Speaking to supply, we can’t create more land and although density is happening, the nature of freeholds limit how many are available, while condos can be developed in much greater volume. We see this reflected in the annual new listing figures for freeholds (2017 – 19,937| 2018 – 17,223| 2019 – 17,972| 2020 – 16,628| 2021 – 17,284) relatively consistent and predictable, while condo resale volume (2017- 28,741| 2018- 25,331| 2019- 24,803| 2020 – 33,562| 2021 – 33,182) fluctuate and experienced a mass divestment during covid.

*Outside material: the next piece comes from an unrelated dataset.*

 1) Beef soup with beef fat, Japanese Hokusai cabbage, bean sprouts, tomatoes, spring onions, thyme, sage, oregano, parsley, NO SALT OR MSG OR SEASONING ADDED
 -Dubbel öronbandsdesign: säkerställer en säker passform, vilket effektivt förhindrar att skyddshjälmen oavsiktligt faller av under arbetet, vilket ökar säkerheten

Lastly, we need to consider the irrational aspect of buying a home – perceived value. This varies by individual but some key factors do impact it – benchmarks, substitutes and scarcity. Toronto is on par with other global cities and increasingly its occupants are either from or have lived abroad. This means the benchmarks used to frame value are influenced by that knowledge. $1.7 million for a detached home may sound expensive, but for anyone who has lived in LA, Hong Kong, New York, Mumbai, Moscow etc these prices are to be expected, if not a bargain.

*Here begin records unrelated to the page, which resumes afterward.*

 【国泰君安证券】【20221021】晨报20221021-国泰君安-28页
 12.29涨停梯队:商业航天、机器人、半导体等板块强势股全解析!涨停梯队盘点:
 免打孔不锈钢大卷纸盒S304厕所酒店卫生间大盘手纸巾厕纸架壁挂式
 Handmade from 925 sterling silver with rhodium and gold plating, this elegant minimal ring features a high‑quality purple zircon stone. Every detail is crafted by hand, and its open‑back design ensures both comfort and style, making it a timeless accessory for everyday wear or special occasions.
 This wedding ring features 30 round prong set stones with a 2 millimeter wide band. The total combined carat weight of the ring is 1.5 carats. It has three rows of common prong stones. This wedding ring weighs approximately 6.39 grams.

As for substitutes and scarcity, these go hand-in-hand, creating a sense of urgency to get into the market before it’s no longer an option and again an urgency to pay the little bit extra not to lose when an individual finds a property they like. For condos, the motivations of scarcity and substitution are not nearly as strong, as not only are new condos developed each year but the layouts and styles of condos are fairly generic, meaning if you miss out on this one you can find an identical one shortly thereafter.

It’s for all the above reasons that we believe, yes condos will do great this year, but freeholds will remain the strongest performing home type.

Lastly, we wouldn’t be good realtors if we didn’t make a price prediction or two. So, here it is, Toronto prices will rise, likely by another 10%… Happy now? All jokes aside, all the elements for price growth in Toronto are present. A more interesting prediction is our belief that Durham’s price growth will outperform Toronto again in 2022. According to the Home Price Index, all property types in Durham appreciated a staggering +42.3% YoY in 2021, compared to Toronto at +23.2%. Although we don’t expect to see another +40% increase, we do believe Durham will outperform Toronto by 10% at minimum.

It’s important to note that although Durham is appreciating faster than Toronto, it is still more affordable relative to other 905 areas, with the average detached price in Durham being $1,178,857 compared to Toronto at $1,698,178, Peel at $1,601,465, York at $1,816,614 and Halton at $1,810,446.

Considering Durham it is still more affordable than other 905 areas, its close proximity to Toronto, and the price difference, we predict Durhams excellent value proposition will continue to attract demand and with that, greater price growth than Toronto.